The scope of the claims

[1] a compression section for compressing the refrigerant;

 An electric motor for driving the compression unit;

 A housing in which the compression unit and the electric motor are housed, and

 The refrigerant flowing into the motor-side space from the compression section is directed toward one end in the central axis direction of the stator formed in a cylindrical shape of the motor so that the downstream flow speed becomes faster than the upstream flow speed. With a refrigerant distribution mechanism for distribution

 Compressor.

 [2] The refrigerant circulation mechanism includes a flow path closing member for closing a refrigerant flow path between the compression unit and the electric motor, and a refrigerant ejection hole provided in the flow path closing member.

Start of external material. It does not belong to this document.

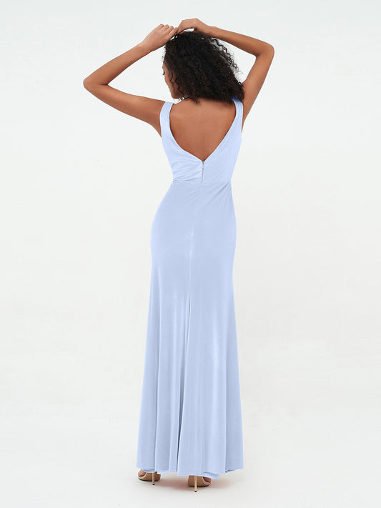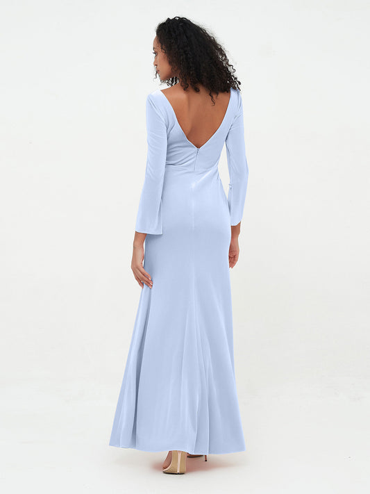 Babaroni EsmeVestidos largos de terciopelo estilo sirena con cuello barco Azul Cielo

 The compressor according to claim 1.

[3] The flow path closing member is provided at a distance from one end in the central axis direction of the stator,

 3. The compressor according to claim 2, wherein a plurality of refrigerant ejection holes are provided at intervals in the circumferential direction of the stator.

[4] The refrigerant is carbon dioxide

 The compressor according to any one of claims 1 to 3.